Just try to remember thats its THEIR problem, not yours. They are the ones who have issues with children for their own reasons, let it go in one ear and out the other because you are doing what YOU want to do.

Mikeswifey
05-09-2006, 10:04 AM
Like honestly wtf.



Rhiannon

Cheekychops
05-09-2006, 10:08 AM
My grandma didn't acknowledge my pregnancy with DS2, or look at my tummy or anything until I was about 38 weeks preg and she lives with my parents so I saw her alot. . .to this day I don't know what her problem is/was....oh and she also thinks 'how can you do that to a child' about the names of her great grandchildren - apparently it's unfair to give them a modern name it should be something like edward, raymond or william not jordan or jamieson!!!! What the???

moomoosmummy
05-09-2006, 10:19 AM
my aunty was very rude when she found out because her daughter the oldest of the grand children was married first and been trying to get pregnant we slipped in there and got the limelight if they wanna be like that though i just laugh it off.
your just lucky that you dont have to see her all the time

Mikeswifey
05-09-2006, 10:21 AM
moomoo, that was like me!

Its like we have rained on their parade or something...lol

lizzymcfizzy
05-09-2006, 10:40 AM
OMG how immature!! Some people are out of this world.

BlakeNatsMum
05-09-2006, 12:18 PM
Thank you all for your wonderful support! It makes me feel better to know that I'm not alone. Although it is sad that there have been so many negative responses to the mum's of bubs due in April. And really I reckon "If you can't say anything nice, don't say anything all" should apply to all those people with negatives things to say about people!

SairBear
06-09-2006, 01:32 PM
Thank you all for your wonderful support! It makes me feel better to know that I'm not alone. Although it is sad that there have been so many negative responses to the mum's of bubs due in April. And really I reckon "If you can't say anything nice, don't say anything all" should apply to all those people with negatives things to say about people!

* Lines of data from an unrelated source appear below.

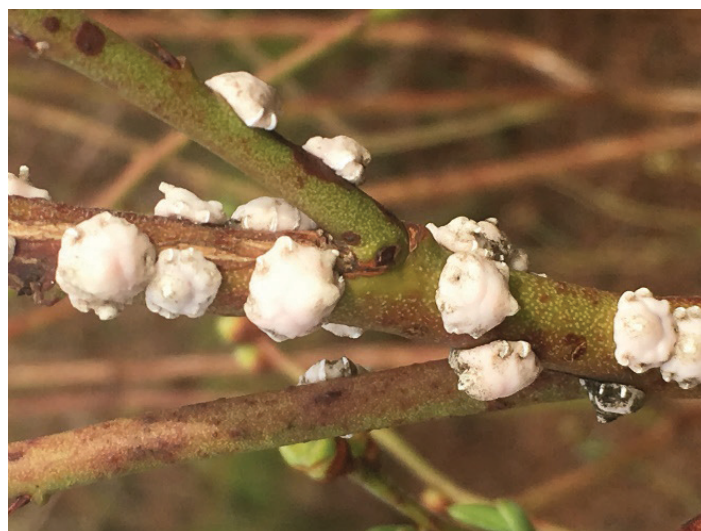
Figure 1. Florida wax scale on blueberry stems.

substance called honeydew that can promote the growth of a black fungus known as sooty mold, which reduces photosynthesis, further weakening the plant.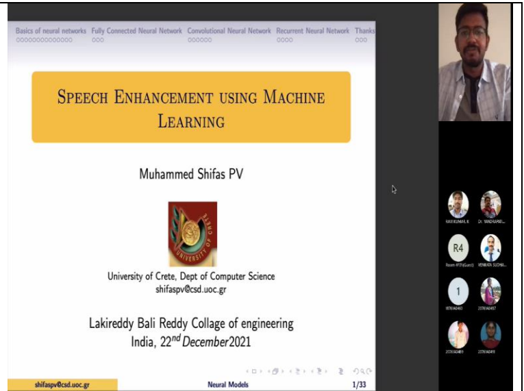
Starting of Session by Resource Person Muhammed Shifas PV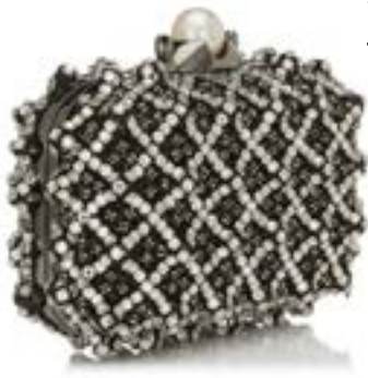
Cloud Bag, Jimmy Choo £2495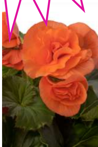
Orange URC Item #: 30003 RC Item #: 40001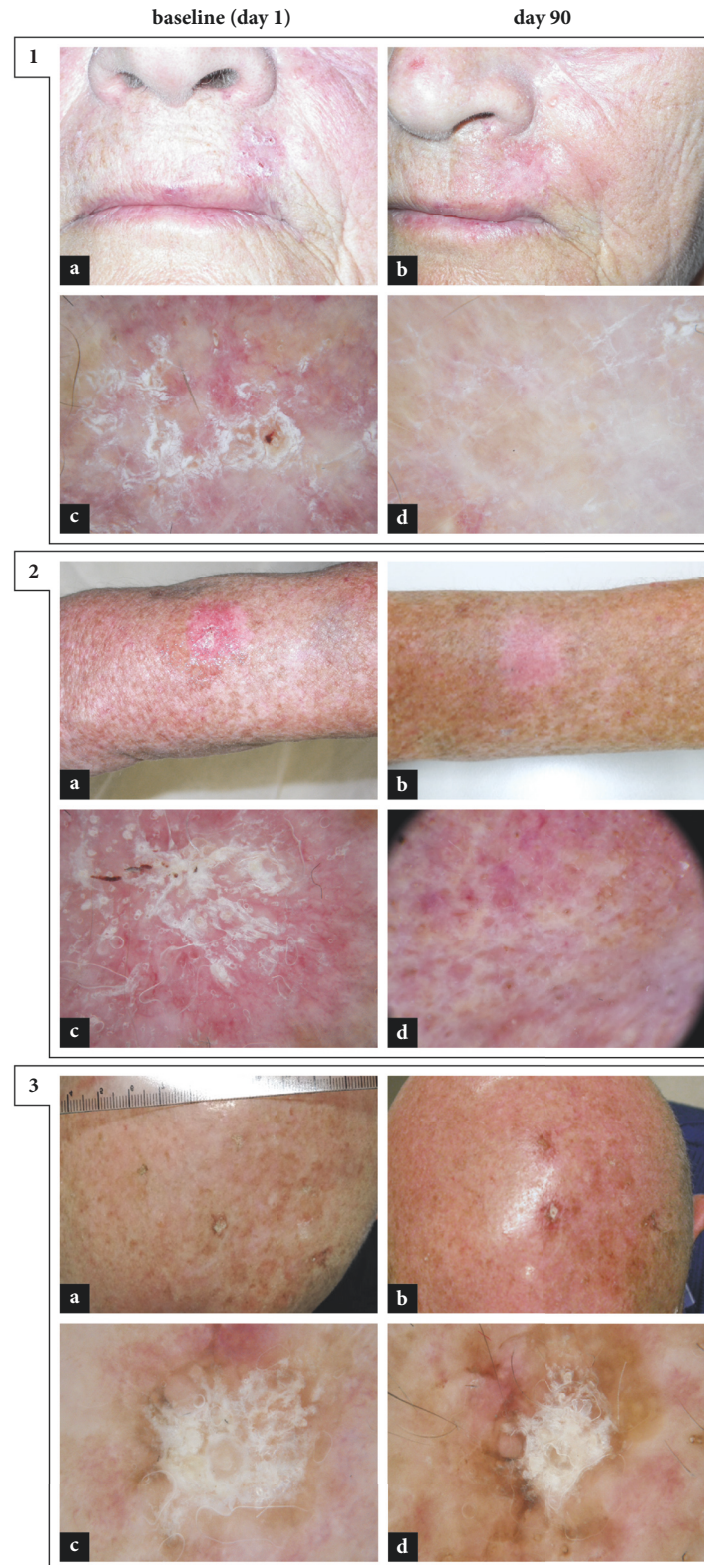
FIGURE 2: Different response-to-therapy rates on the basis of the treated anatomical sites. 1: complete response to therapy in a patient with AK on left upper prolabium. Clinical grade decreased from III (a, pretreatment) to 0 (b, posttreatment); dermoscopic grade decreased from III (c, pretreatment) to 0 (d, posttreatment). 2: complete response to therapy in a patient with AK on left forearm. Clinical grade decreased from III (a, pretreatment) to 0 (b, posttreatment); dermoscopic grade decreased from III (c, pretreatment) to I (d, posttreatment). 3: lack of response to therapy in a patient with AK on the scalp. Clinical and dermoscopic grade remained stable at III (a-c, pretreatment; b-d, posttreatment).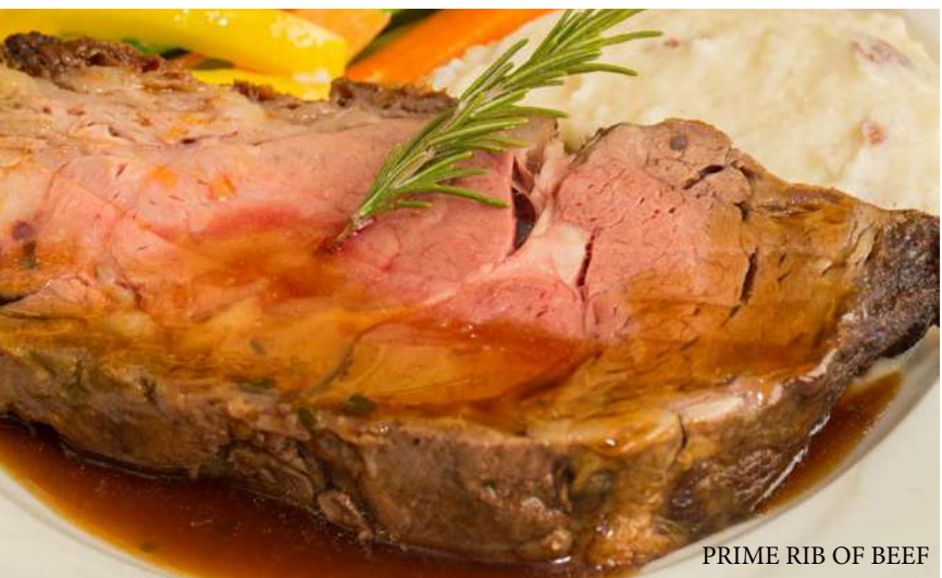
PRIME RIB OF BEEF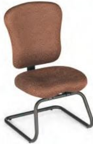
PA61S Guest Chair

Pneumatic lift Tilting backrest EZ back height adjustment Seat tilting Sliding seat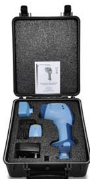
Deluxe Kit Case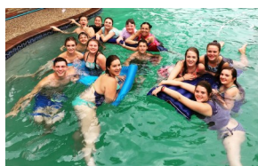
Swim & Scripture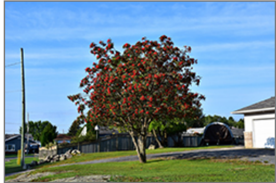
Showy Mountain Ash fruit

Showy Mountain Ash is recommended for the following landscape applications;

I know its hard hearing that stuff, but keep ya head up :)

when we announced we were pregnant we got the "when r u getting married?" question which really got on my nerves.... some ppl! ah well !.... still not married and have no plans to and very happy the way we are :)

BlakeNatsMum
06-09-2006, 01:42 PM
That's exactly my thoughts! We may not be married but we are very happy the way we are! We live like a married couple and I'm not worried by a piece of paper at this point! We will eventually get married when we feel the time is right...!

Mamaduke
06-09-2006, 01:54 PM
When we first told the IL's about us being pregnant with Jesse...keeping in mind that...
a) we had been married for 2 years
b) owned our own home (well the bank did!)
c) both had steady jobs - DH's was well paid:o ...
d) this was their first grandchild and first baby in the family for 20 odd years...
Smother in law says..."Well when is she thinking of finishing work?" meaning me...meaning there would only be one income and her poor son would have to work while I sat on my ar$e.
With Lukey the response was..."Well she won't be going back to work anytime soon then."
I'm just gonna keep breedin' and 'sittin' on my ar$e'...he he he he he :devil6:

lizzymcfizzy
06-09-2006, 01:58 PM
LOL "smother" in law :laughing:

WitchHazel
06-09-2006, 02:35 PM
Your DP's aunt is just plain rude. For some reason, when it comes to babies and pregnancy, some people seem to think that the normal rules of "minding your own business" do not apply! I'm sure you could find some fault with the way your DP's aunt lives her life, but you're too polite to say so!
I hope you manage to enjoy your pregnancy and I hope your bub is a boy!! Take that nasty aunt!!